Warning: The video does contain graphic and disturbing images meant to educate the audience of how evil of acts men are capable of committing. The images are shown from 5:00 to 6:45. If this is too disturbing then skip this portion of the video.
Satan understands the psychology of evil very well. He is the father of lies. He works through deception and secrecy. He understands that if he can overtake an institution and puppet it, he will lead every soul devoted to such an organization to the gulf of misery and endless wo. The LDS church has been blessed with more scripture then other Christian churches. They have fewer excuses for not obtaining and comprehending deep truth than others. Satan knows this and this is why they are targeted and more susceptible to fall. This is why we must be watchful when presented with opportunities to repent. This especially why we as Mormons should be on guard against devotion, faith, and confidence in a hierarchy because when the deceptive temptation to engage and allow wickedness come, when we are justified to unknowingly cross that skewed line of morality, the gates of hell are ready and open to receive such. Please consider the following:
Lucifer and his followers damn mankind by employing the following strategies.
Imitate: Lucifer makes what he does resemble what the Savior does. He teaches as closely as possible what the Savior teaches. He claims what the Savior claims. He promises what the Savior promises. But in every case, he does so falsely so that it cannot save anyone.
Appropriate: He gains control over whatever the Savior establishes. The very best way to insure no one is saved is to take the actual House of God and make it Lucifer’s house.
The weak-minded are easily fooled into believing they have salvation when they only have a powerless imitation. Hence the Lord’s prophesy that many will claim at the last day they did many wonderful things in His name. To them He will say: “I never knew you; depart from me ye that work iniquity.” (Matt. 7:21-23.)
It may seem challenging, but making the right choices is not difficult. As long as we take this concept seriously (our salvation depends on it) and we study carefully using the scriptures as our guide, it is easy to tell imitation from the real thing. It is also easy to see when the order established by Christ has been misappropriated. The scriptures tell us the test for priestcraft. Do men seek the welfare of Zion, or their own benefit?
Protecting the Good Name of the Church
In Sam Young’s interview, he was accused as an apostate by his local church leaders, his stake president left Sam with this warning:
You can’t continue speaking in public about this.
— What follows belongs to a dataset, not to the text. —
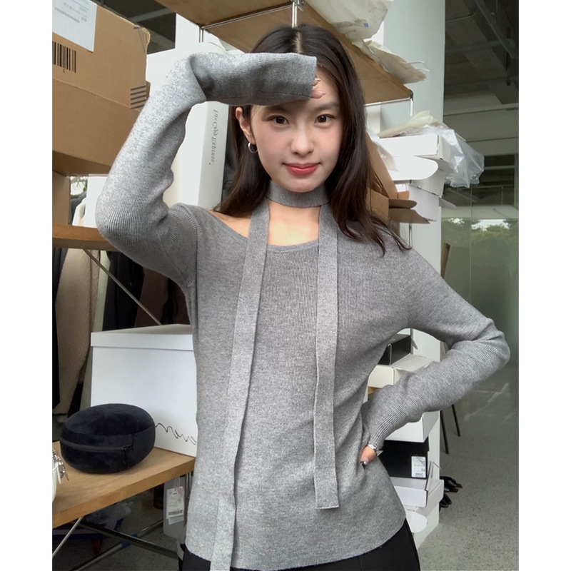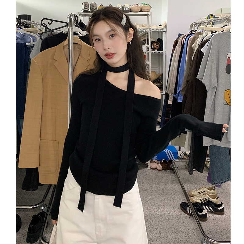 여성을 위한 핫걸 홀터넥 원숄더 니트 밑단 셔츠, 가을 신상 디자인, 슬림핏, 섹시한 오프숄더 탑스토어 가기

We will have to protect the good name of the church.
Here is Mr. Young's public response:
I agree that we need to protect the good name of the church. How about that? The Church’s reputation is being trashed by a dreadful policy that is doing severe harm to our children. My fellow Mormons…join with 13,000 of us to protect the good name of the Church. If this policy is not eliminated, those who didn’t speak up for change will be responsible for the bad name the Church is now accruing.
Here is my response and thoughts:
I agree with Sam Young. We need to protect the good name of the church (that is, the collective body of believers). However, from the eyes of the church leaders, I do not believe this is their real concern...
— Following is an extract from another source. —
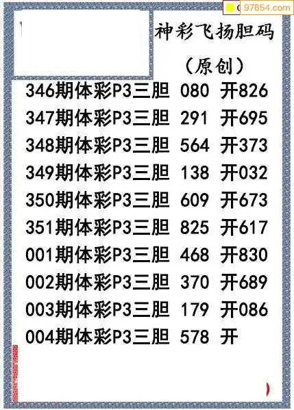 26004期神彩飞扬体彩P3三胆图谜

This is the definition of apostasy from the Church Handbook of Instructions:
"Apostasy refers to members who repeatedly act in clear, open, and deliberate public opposition to the Church or its leaders.”
These grounds presented for accusing members of apostasy are not based on morality or doctrine, but rather upon the failure to submit to, obey, and fall in line with those in power. In a religious organization that puts so much emphasis upon and equates salvation to "keys" and authority, it can become a greater priority to safeguard the authority and the reputation of the system instead of the moral obligation to protect those the system is designed to serve. It is difficult for such an organization to have the humility to admit their weaknesses and repent. Leaders are still mortal men who make mistakes. Often their belief in their divine calling and institution can blind them and make them ignorant of the root of evil forming in the organization they preside over. This was the case of King Noah when he had Abinidi excommunicated.
“And he said unto him: Abinadi, we have found an accusation against thee, and thou art worthy of death. or thou hast said that God himself should come down among the children of men; and now, for this cause thou shalt be put to death unless thou wilt recall all the words which thou hast spoken evil concerning me and my people.”(Mosiah 17:7–8)
What Constitutes Apostasy?
In a sense King Noah is also telling Abinadi, “You can't speak out against your church leaders, stop speaking evil concerning my people, we need to protect the good name of the church, stop this or be excommunicated"
Sam Young is being faced with a similar dilemma as his leaders dangle his membership over the fire, implying excommunication if he does not stop speaking evil concerning institutional policies.
I recently read this in a book. It's fitting:No institution or its leaders, despite how divine it may believe itself to be, is exempt from becoming blinded by pride or having wickedness creep in and take root. When those roots of evil are made known, it does not make you an apostate to stand up, question, and seek to make better the organization you are a part of. In fact, it makes you a true Latter-Day Saint because you are fulfilling your responsibility as a member of the body in purifying the church to be the bride of Christ. As Paul in 1 Corinthians chapter 12 would say, All parts of the body of Christ are needed and if one part suffers, if the children are abused, the entire well-being of the body is held back. Zion will not come unless we are one heart, one mind, with no poor among us.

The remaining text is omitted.